Free radicals rarely practice subtlety. Founded nearly a quarter century ago, the Houston collective has released nine albums of brash, unfiltered musical mayhem, encapsulating the essence of their city’s exceptional diversity with a sound that fuses funk, jazz, ska, reggae , klezmer, hip-hop, and countless other styles around the world. In April they come out Blackout white, volume 2, a 25-track one-disc sequel from 2020 released in defiance of the racist hatred that continues to fester at the heart of Western ideology. And today, they present in preview the clip of the first album “Pokke Koebês” with The FADER.

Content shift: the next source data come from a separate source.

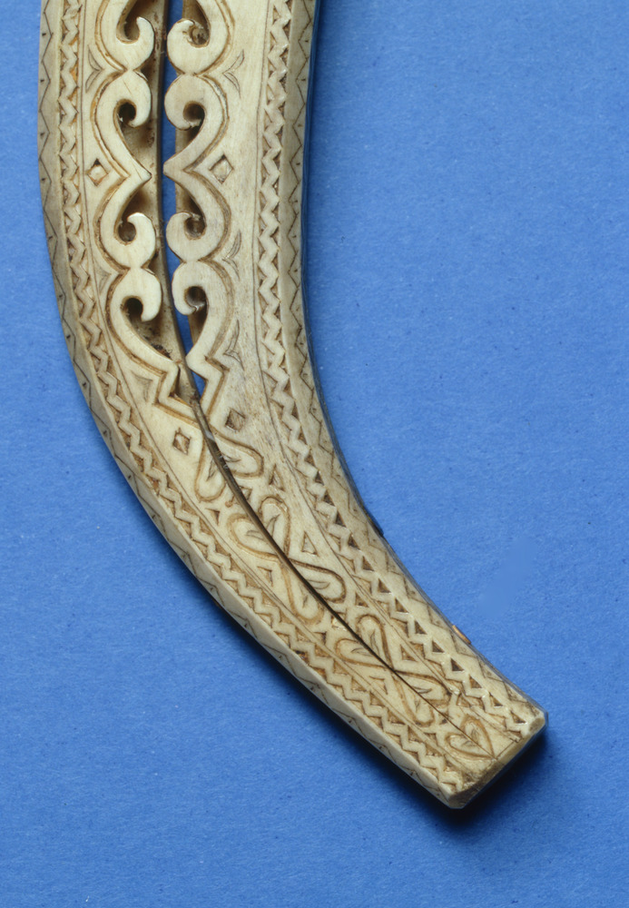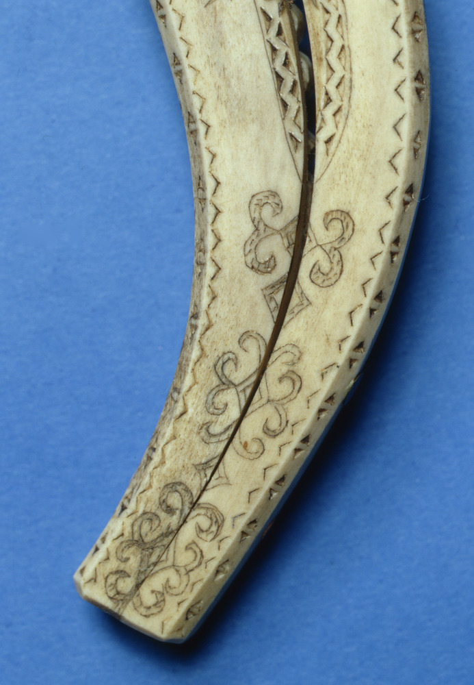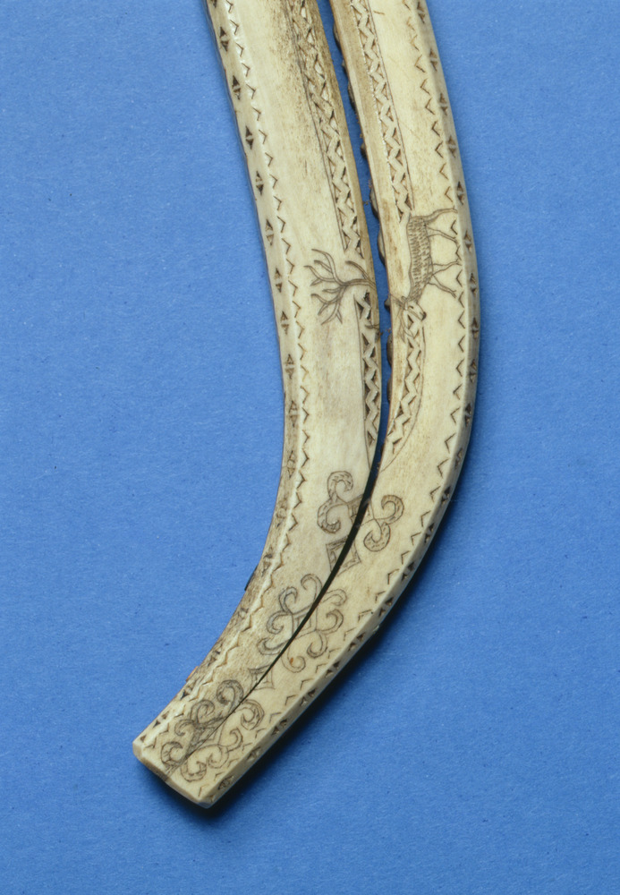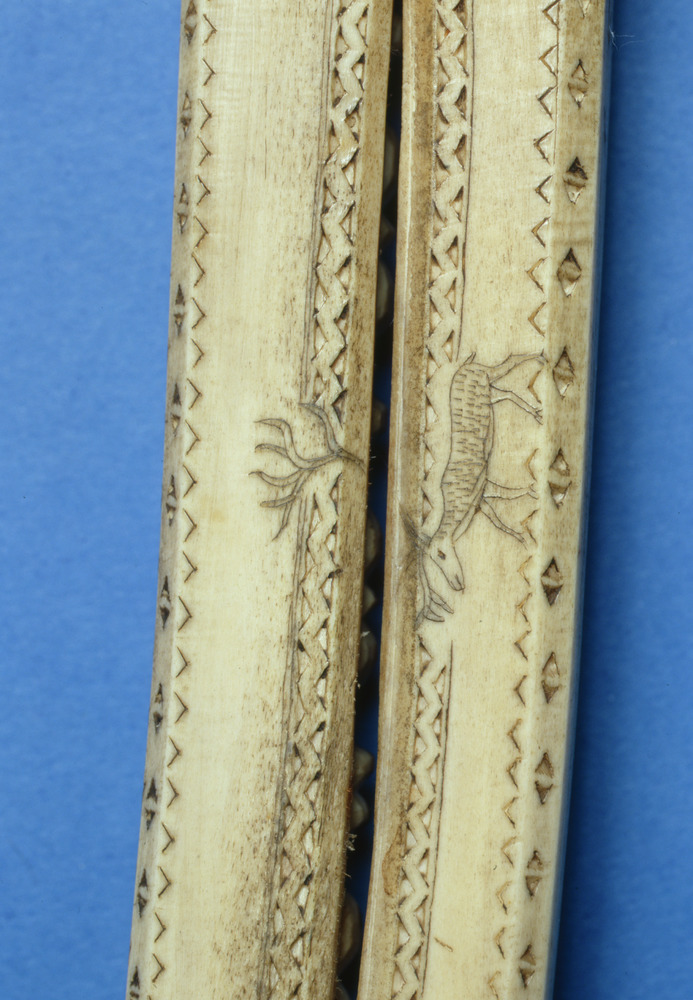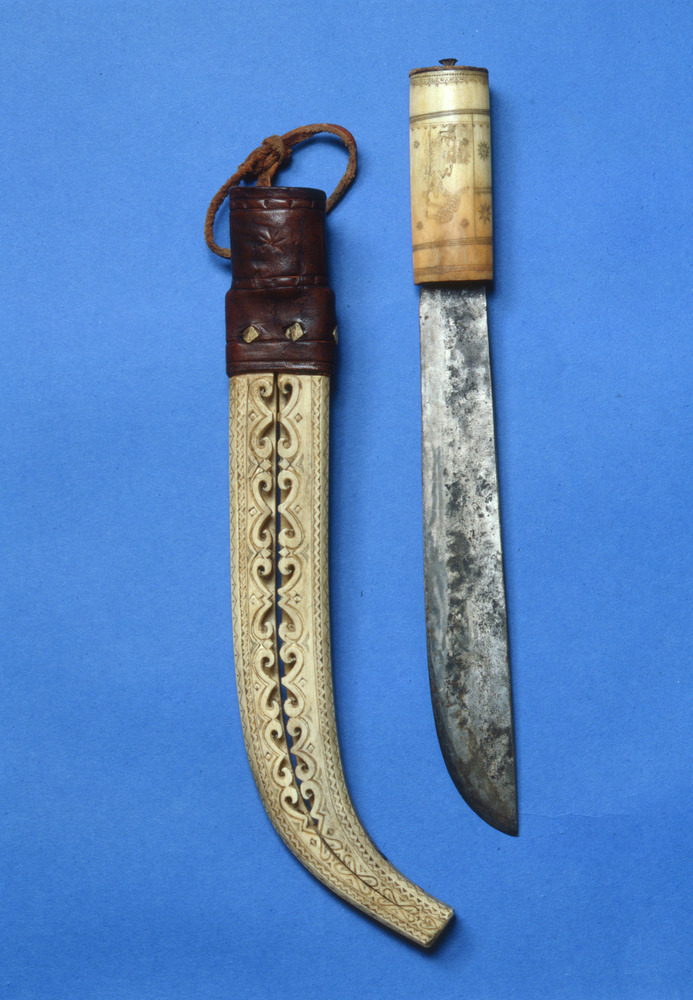 Knivens skaft av horn. Skaftet är graverat. På ena sidan är en slaktscen graverad, med en man och en ren som lagts på rygg. På andra sidan ett sorts blommönster. Överst på skaftet är en näverbit fastsatt.
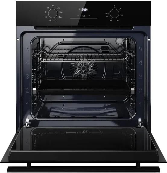 Духовой шкаф Kuppersberg HO 608 BB Glass, High-Tech, 78 л, поворотное управление, дисплей, таймер, 8 режимов, макс. температура 310 градусов, телескопические направляющие (на 1 уровень), цвет черный, цвет фурнитуры нержавеющая сталь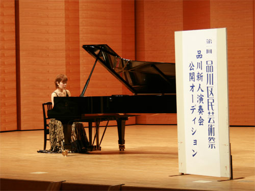 品川区が主催する第1回品川区民芸術祭の一環として、 7月3日(土)きゅりあん(品川区東大井5-18-1)で、ピアノ、管弦楽器、声楽部門の公開新人オーディションが行われました。これは、豊かな才能を持つ新人で、品川区の芸術振興に寄与していただく人材を発掘することを目的に実施しました。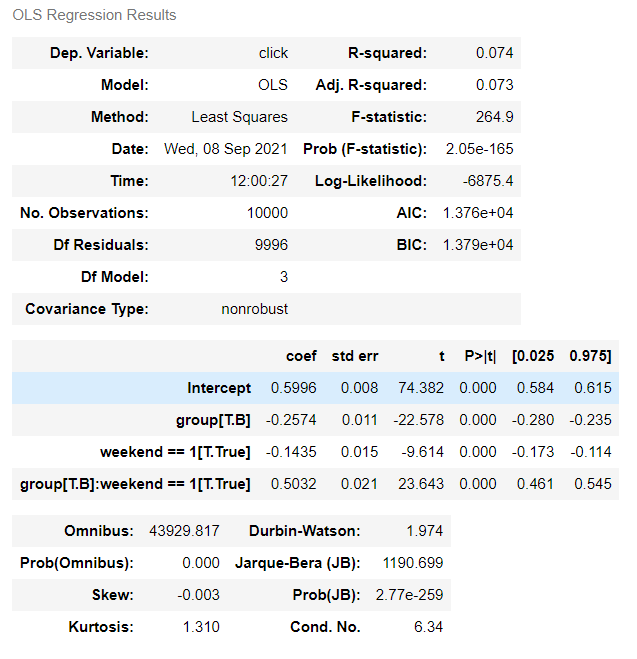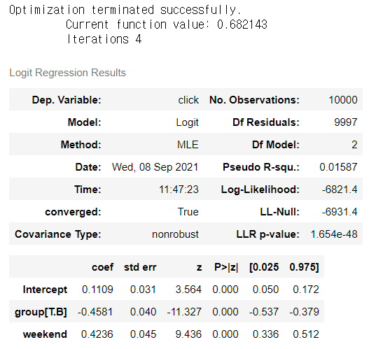 m1 = logit('click ~ weekend + group', df).fit()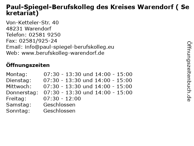 Branchen & Suchbegriffe zu Paul-Spiegel-Berufskolleg des Kreises Warendorf ( Sekretariat):berufliche, berufsaufbauschulen, berufsfachschulen, berufskolleg, des, gewerbliche, handelsschulen, kreises, paul, schulen, sekretariat, spiegel, wirtschaftsoberschulen, wirtschaftsschulen |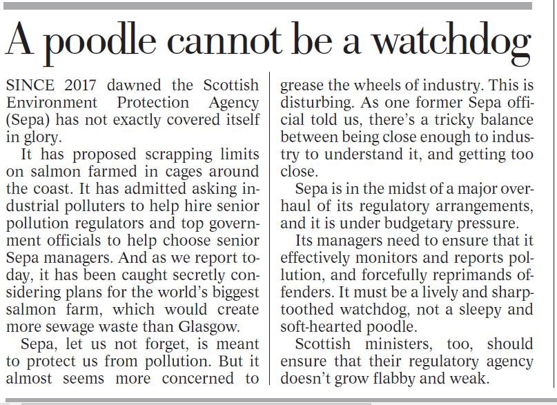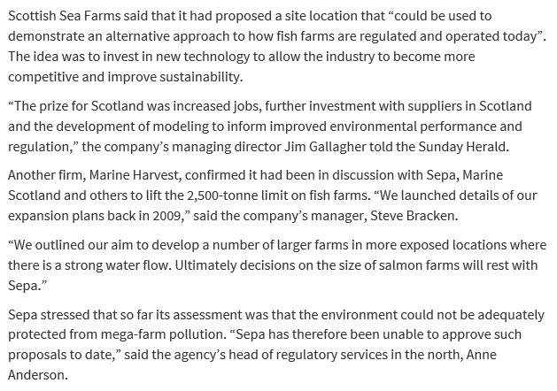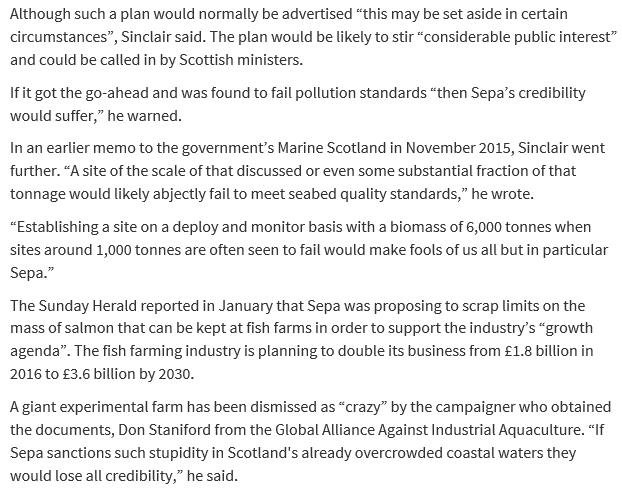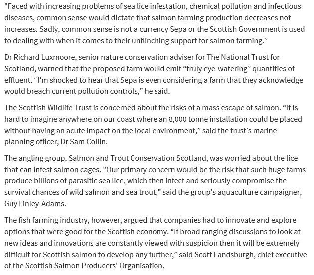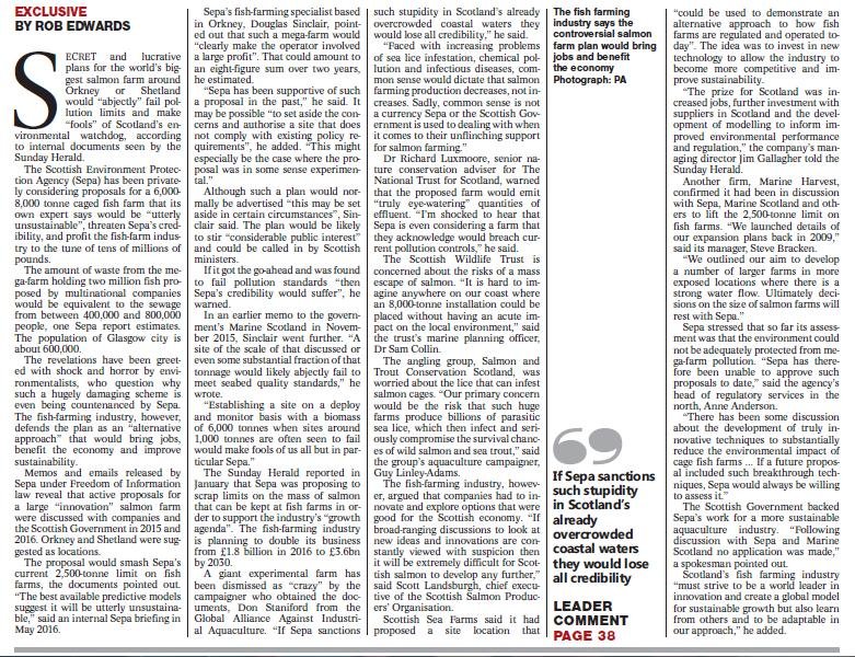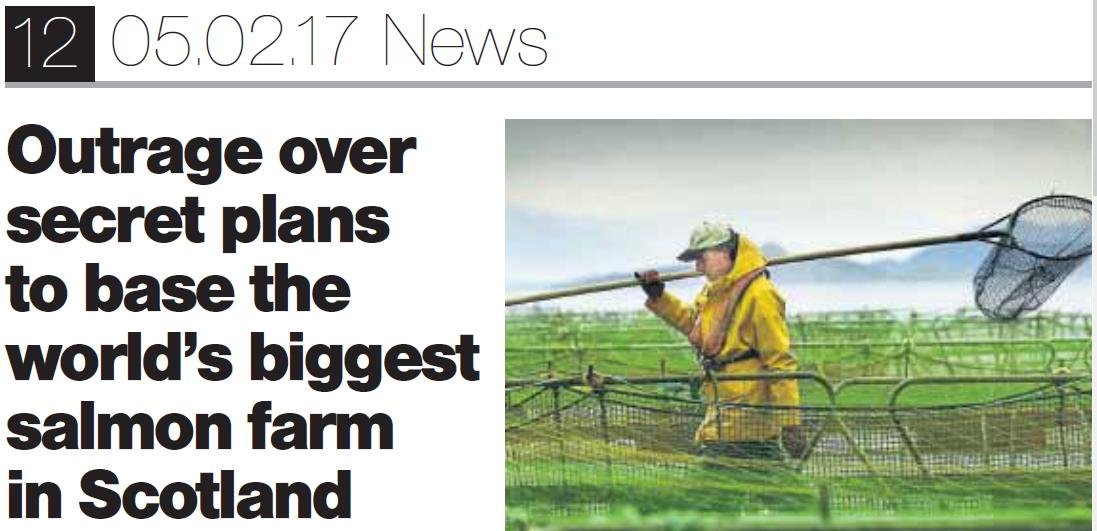 Today's Sunday Herald reported: "Outrage over secret plans to base world's biggest salmon farm in Scotland"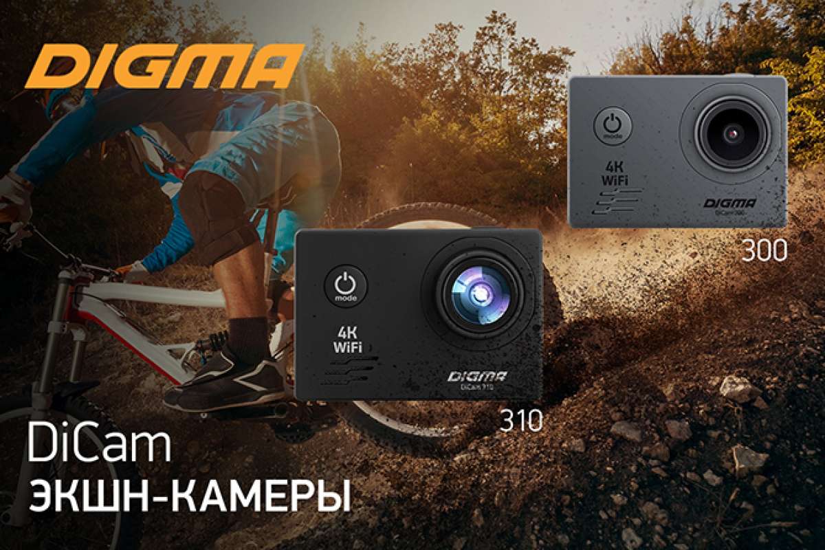 DIGMA представил пару новых экшн-камер из линейки DiCam – 300 и 310. Камеру отличает возможность записи в разрешении 4K Ultra HD и возможность управления со смартфона.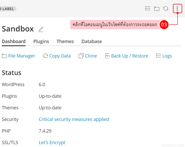 คลิกที่ไอคอนเมนูในเว็บไซต์ WordPress ที่ต้องการจะถอดออก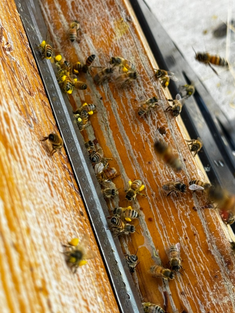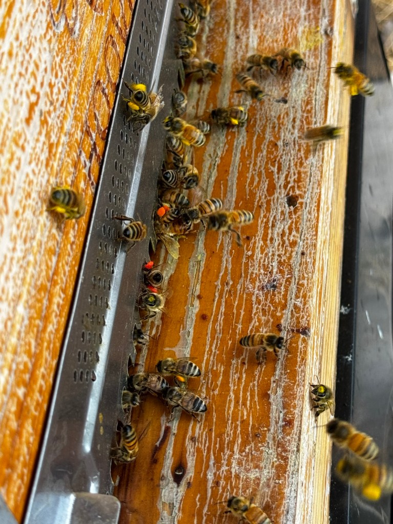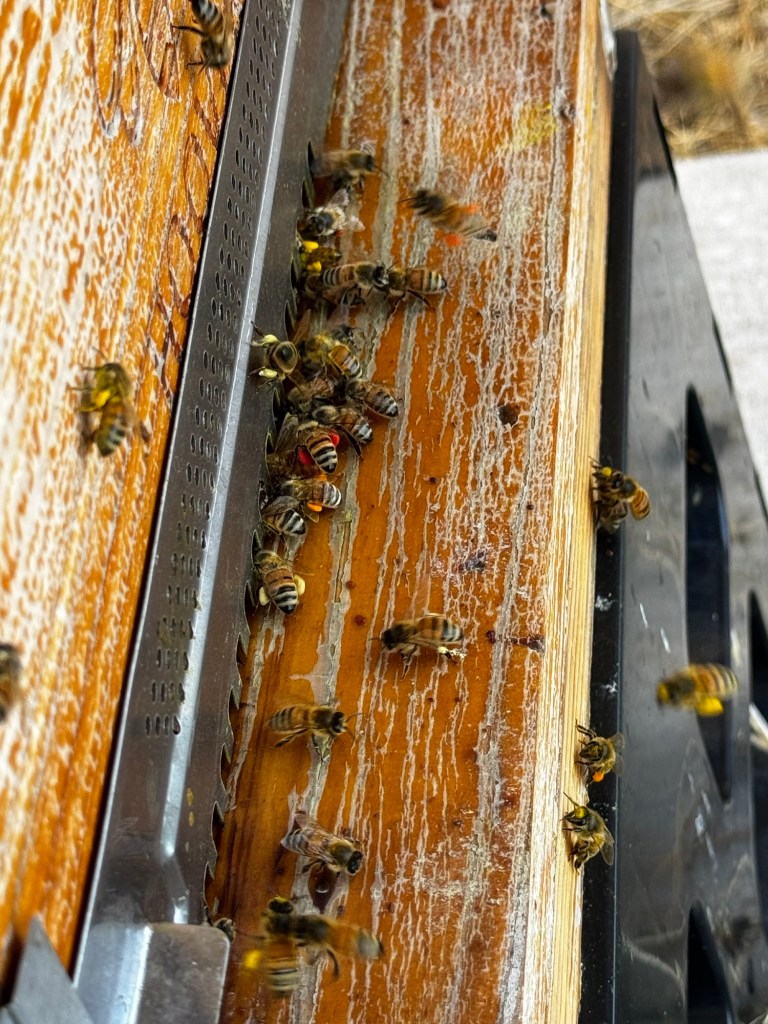 Annmarie went out and checked on the bees. They are doing great and finding all different colors of pollen. They are not even bothering to eat any of the sugar water we put out for them. We pick up our second hive in the evening of May 1.

The song’s foundation rests on an infectious lick from South African guest guitarist Kara Snethlage, who connected the band to Jitsvinger – a poet, educator and multi-hyphenate from Cape Town. Rapping in Afrikaaps (a local dialect of Afrikaans) to the aforementioned groove and bolstered by a veritable army of percussion, bass and brass, Jits delivers a searing condemnation of Dutch and British imperialism in his homeland.
He spits his words venomously, attacking the settlers in their own bastard tongue: “A cul-de-sac socially ruled by Caucasian vultures / The recipe for white supremacy traps the mind / With the concept that we exist as lesser beings / My complex language was massacred / My world of knowledge locked up in locked safes”, translates a first barrage.
“To say he nailed the subject would be an understatement,” write Free Radicals. “Holy shit! We were blown away.”
In the track’s chaotic new stop-motion visuals, shot by Jits himself, cartoon ships float on waves of papier-mâché, and crudely drawn cartoons interact with old sketches of enslaved Africans. , a disturbing juxtaposition. Watch the “Pokke Koebês” video below.